MATERIAL PROVIDED START

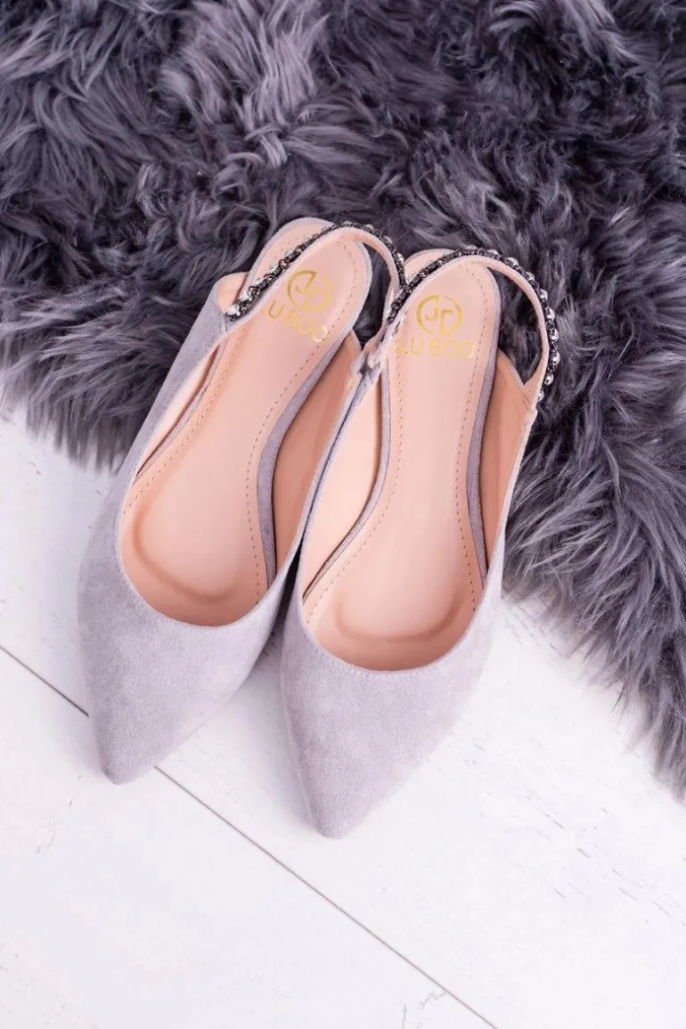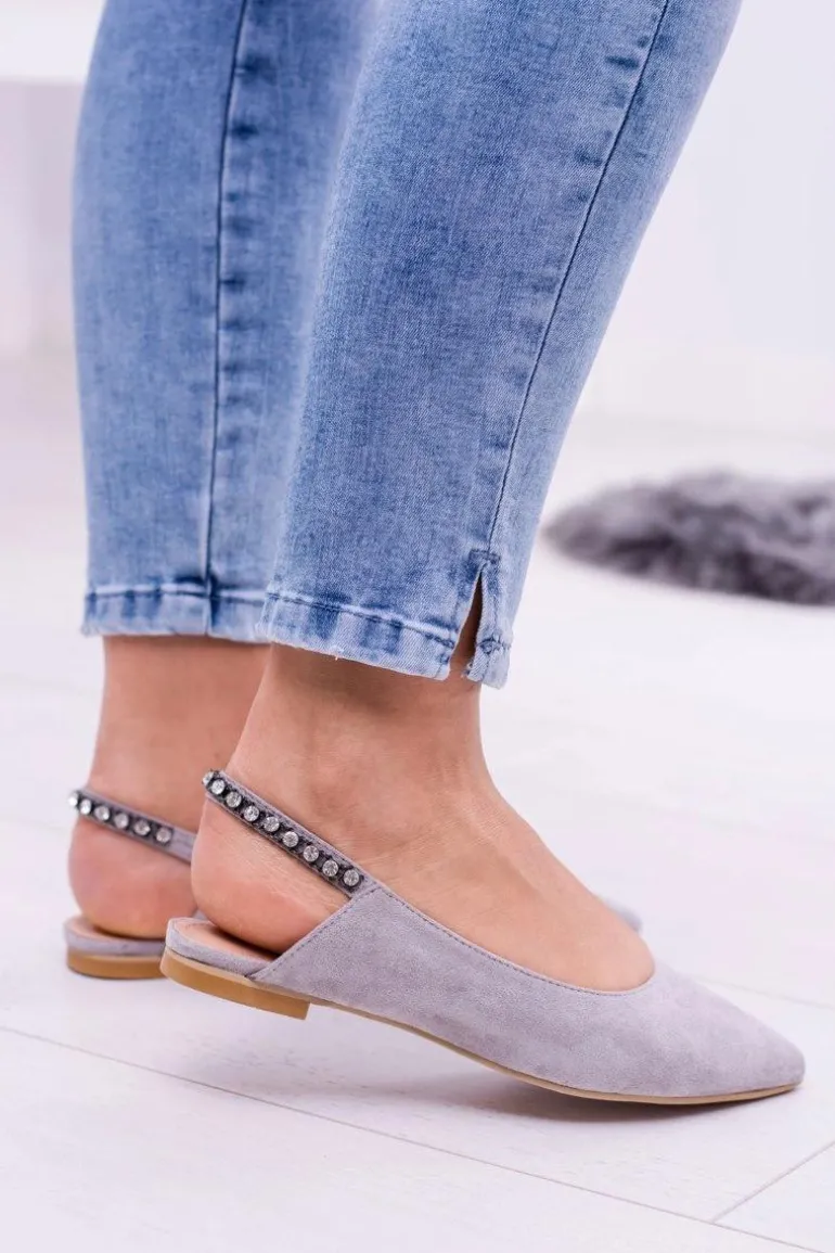 Lu Boo Szare Zamszowe Balerinki w Szpic Cyrkonie Macron
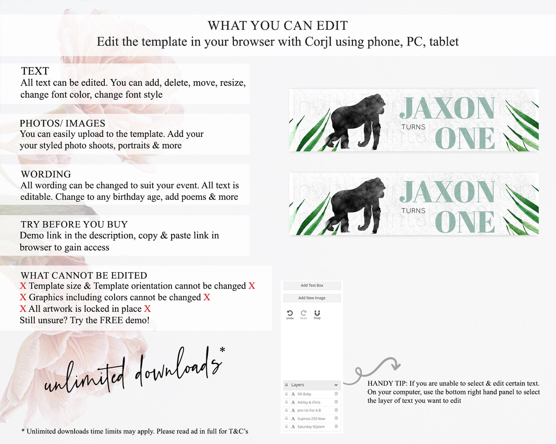 • After purchase, Corjl emails your editing link. Allow up to 15 minutes for delivery.
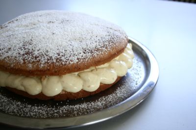 Coupez la brioche froide en deux, dans le sens de l’épaisseur, bien entendu. Avec une poche à douille, pour faire joli, disposez la crème sur la brioche, et refermez vite fait avec l’autre moitié. N’allez pas vous amuser à appuyer dessus.
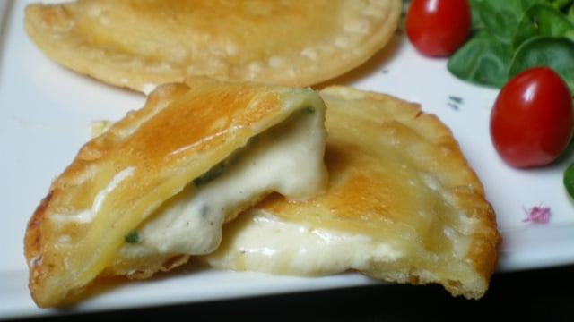 Petits chaussons remplis de fromage blanc et de Cantal.

MATERIAL PROVIDED END

* [ASSIGNMENT] Reproduce word for word the lines from the line holding "minutes for delivery." through the last line of the material above, inclusive, and keep pictures out of it.

* [SOLUTION FOR THIS EXERCISE]
 • After purchase, Corjl emails your editing link. Allow up to 15 minutes for delivery.
 Coupez la brioche froide en deux, dans le sens de l’épaisseur, bien entendu. Avec une poche à douille, pour faire joli, disposez la crème sur la brioche, et refermez vite fait avec l’autre moitié. N’allez pas vous amuser à appuyer dessus.
 Petits chaussons remplis de fromage blanc et de Cantal.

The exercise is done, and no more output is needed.